Adding a little poetry to your prose isn’t the worst way to spend an afternoon. Unfortunately this is a time when rhythmic, melodious sentences are out of fashion. Evidence: the way in which good writing is distilled into efficient writing, a matter of deletion and omission and streamlining every phrase; the way in which writing style guides prize shorter, crisper, and simpler sentences, regardless of the situation; the way in which the typical person separates style and substance, as if it is possible to disentangle those concepts; the way in which jaws drop and shoulders lift at the notion that a sentence should have spice and vibrancy and that those elements are intrinsic to meaning. But this fetish for minimalism and technical writing is a fad, however omnipresent it might seem, and the timeworn lessons of classical sentence structures are still available for anybody who wants to learn.
Obviously you can still write fantastic and propulsive sentences without knowing any formal structures, just as you can play an instrument with flair, passion, and artfulness without ever knowing how to read music. Learning the structures is the linguistic equivalent of learning to read music—helpful, certainly, but not necessary. If your craft happens to be language, however, then I assume that you’d be eager to acquire every potential tool. At one time, learning composition did involve mastering these classical structures, and then embedding these timeless, sonorous shapes into your prose.
Which doesn’t mean that your writing can’t also have verve, a freshness, feel hip, kinetic, use vernacular: there aren’t any rules when it comes to the creation of a sentence but it is worth noticing that the classical rhetorical structures still encircle the language.

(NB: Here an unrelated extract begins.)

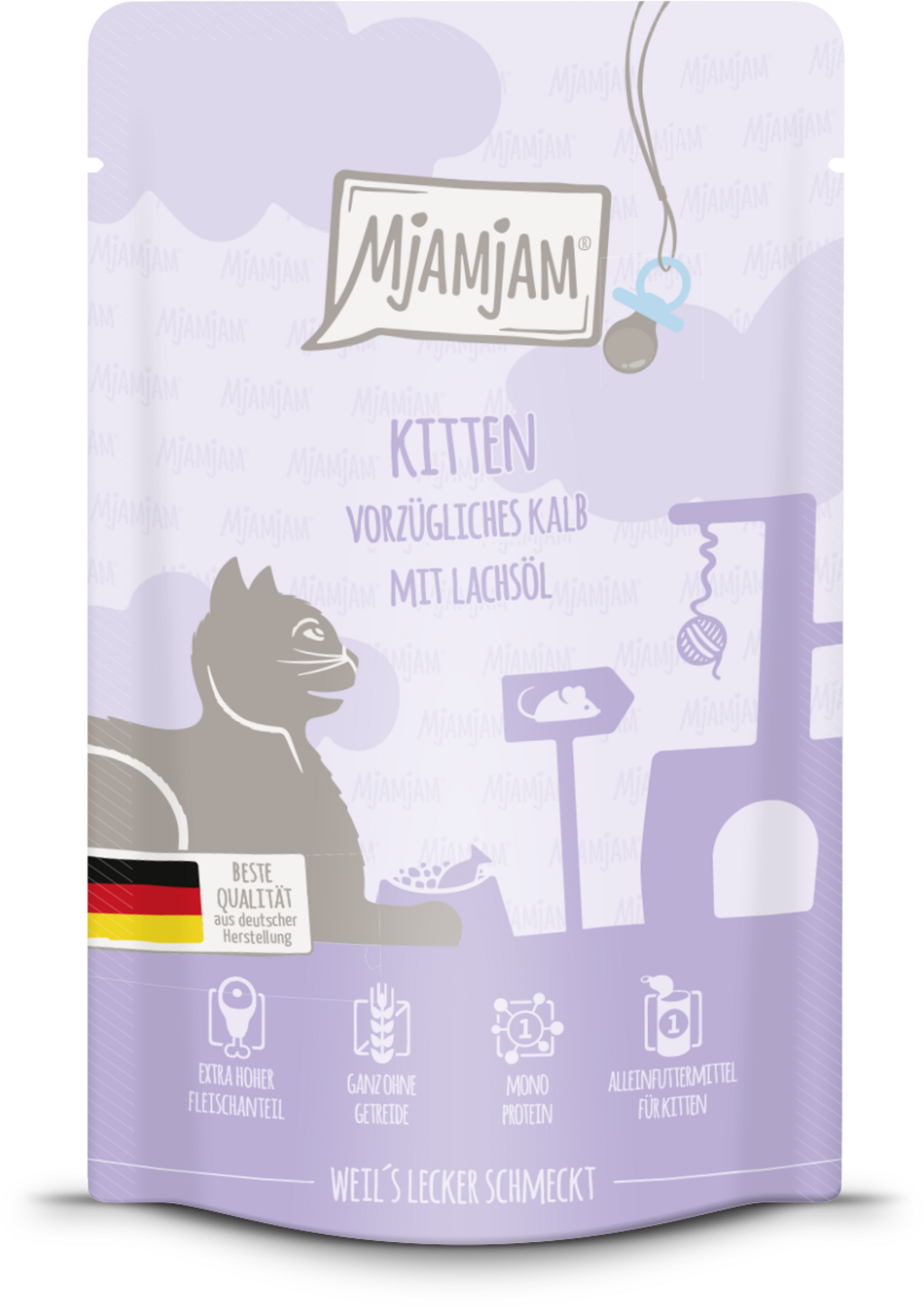 Mjamjam Portion Bags pamper your kitten with rich flavour, unmatched quality, and a touch of love. Your kitten will enjoy a wholesome meal made with tender veal and high-quality salmon oil, offering a delicious and nutritious experience. Enriched with taurine, an essential nutrient for kittens, it ensures your little one has everything they need to grow and thrive.

Unless you study at least a little classical rhetoric, you’ll end up stirred and influenced and captivated by these structures without ever knowing why—just like someone who attends a concert and is stirred by the music without knowing anything about chords, harmonies, and instrumentation. That’s fine, but you can learn how to play. You can learn how to increase your dexterity with the language. And you can learn how to add these rhetorical structures to your arsenal of linguistic tools without losing your individual voice.